It would be interesting to see how distributed solar compares to grid-based distribution in the face of large disasters like a hurricane or ice storm. Especially if the power lines were underground. I assume that those with damaged panels would quickly look for replacements, causing an instant demand and price spike. While the large electricity companies would have stockpiled reserves and have agreements already in place to handle the short-term demand. I don't know how this would affect the overall long-term costs.
IIRC, solar prices have been dropping at a rate of 7% per year. If that keeps up, and if the grid price remains constant, solar will eventually become cheaper than grid.
In 1992, would you have told me today's smartphones would be impossible?
If you only lose a few solar panels in a storm, and most of the panels on your roof survive, you may just use a bit less electricity for a while.
I don't think you necessarily need Li-ion for that - in my experience lead acid works well enough in the domestic case, is a lot cheaper and probably safer (although hydrogen venting is perhaps an issue).
I built a little mixed DC (lighting) + AC (1kW inverter) system out in the garden (far enough from the flat that running a cable would be a nightmare of planning permissions & digging trenches).
Since it's for intermittent use the panel is tiny (50W Kyocera) compared to the battery (110 Ah 'leisure') & inverter (1kW true sine), and it works just fine even here at 53 deg latitude. It would scale up for the entire house quite well, were it not for the fact that it's a four-in-a-block with a communal roof, and 1/2 loft space unusable due to loft conversion.
There are some interesting questions about economies of scale, etc, though.
If we figure an average American has a lead acid car battery and maybe a laptop battery pack, we currently have more lead acid batteries than lithium ion, certainly by weight, but probably also by total watt hours.
Tesla and Nissan might end up inverting that ratio in a market where they merely have to get the battery to beat the cost of gas; and if we get to the point where every American has an 85 kwH battery pack in their car, that's multiple days of average US electrical consumption (I believe average per capita electrical consumption is about 1.5 kw, and average per capita total energy consumption around 6 kw in the US).
Meanwhile, there's no path to pushing up volumes of lead acid battery production significantly. Maybe there will be a few old lead acid car batteries getting recycled after Tesla conquers the world, but if that's all we're relying on, those recycled batteries won't power very much in the grand scheme of things.

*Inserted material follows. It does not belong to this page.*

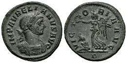 Aurelian. Denarius. 270-275 AD. Rome. (Ric-1853). Anv.: IMP AVRELIANVS AVG. Laureate and cuirassed bust right. Rev.: VICTORIA AVG. Victory advancing left, holding wreath and palm frond bound captive seated left, head right; B in exergue. Ae. 2,21 g. Choice VF. Est...75,00.

Nickel-Iron batteries have a life measured in decades and are very robust against deep discharge. They can also be refurbished. Their formulation has been around since Edison. In fact, I think he invented them. Their big disadvantage: they're heavy. Perfect for home use.
EDIT: Edison did not invent NiFe batteries, but he developed and championed them.

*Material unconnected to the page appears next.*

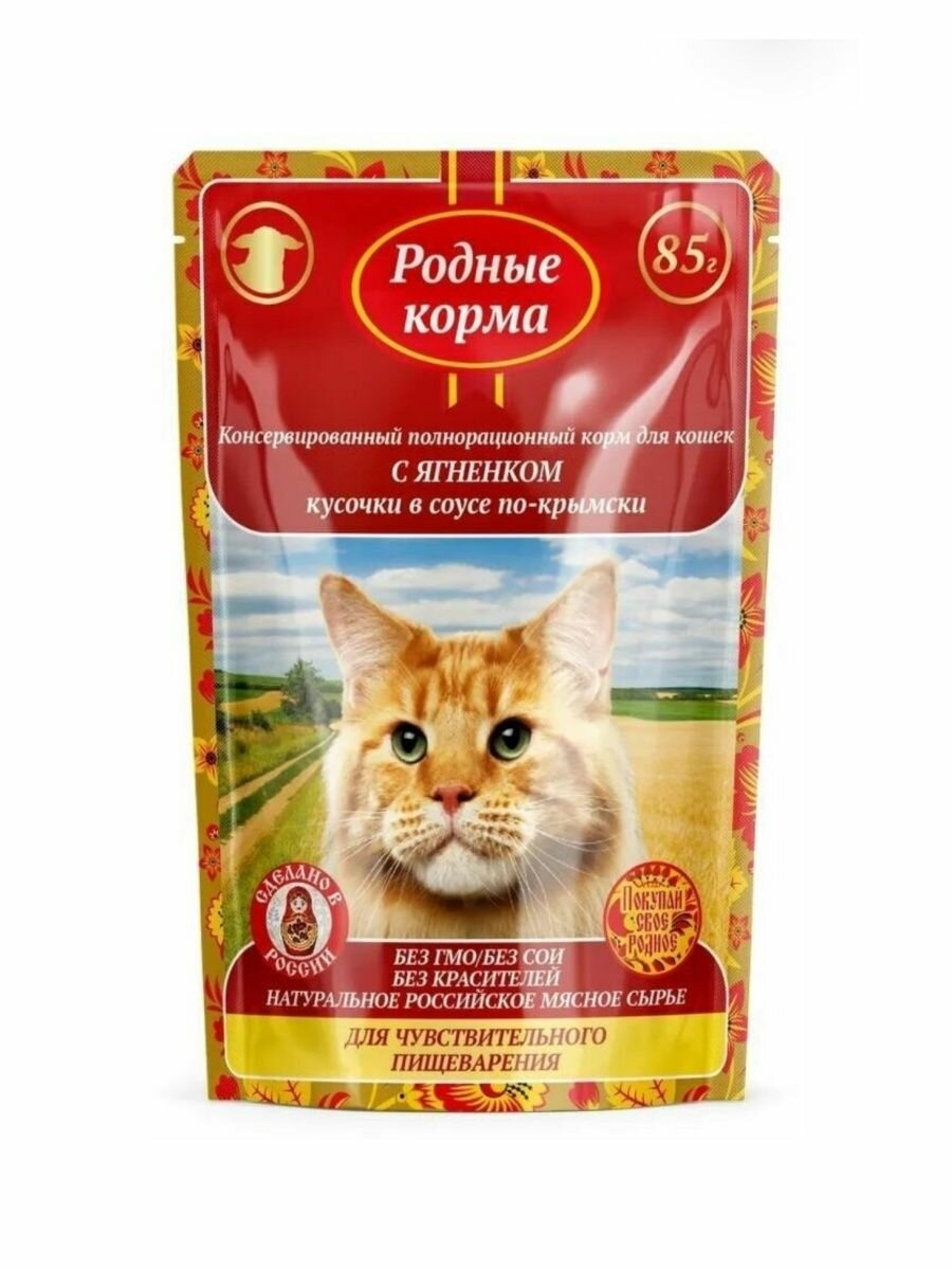 Корм для кошек Родные Корма ягненок 85 гр по-крымски

Your argument is only balanced on that one premise of Fusion or free energy, both of which are still vaporware and will be for decades if not centuries to come. Have you considered that maybe electric cars will fill the gap between now and then if ever? And you consider free energy a possibility but advancement in battery technology too far fetched. I don't agree at all.
Energy density is a critical issue for aircraft because lift/drag ratios are capped at around 15 to 30. For every 15-30 N of fuel weight, you must supply at least 1 N of additional thrust (which translates to power, once you multiply by speed).
Cars, on the other hand, experience a combination of aerodynamic and powertrain drag and rolling resistance, of which only (mostly?) the rolling resistance depends on mass. The typical coefficient of rolling resistance is about 10x better than the typical L/D ratio for aircraft (if I believe Wikipedia). Hence, road vehicles are 10x less sensitive to energy density than aircraft.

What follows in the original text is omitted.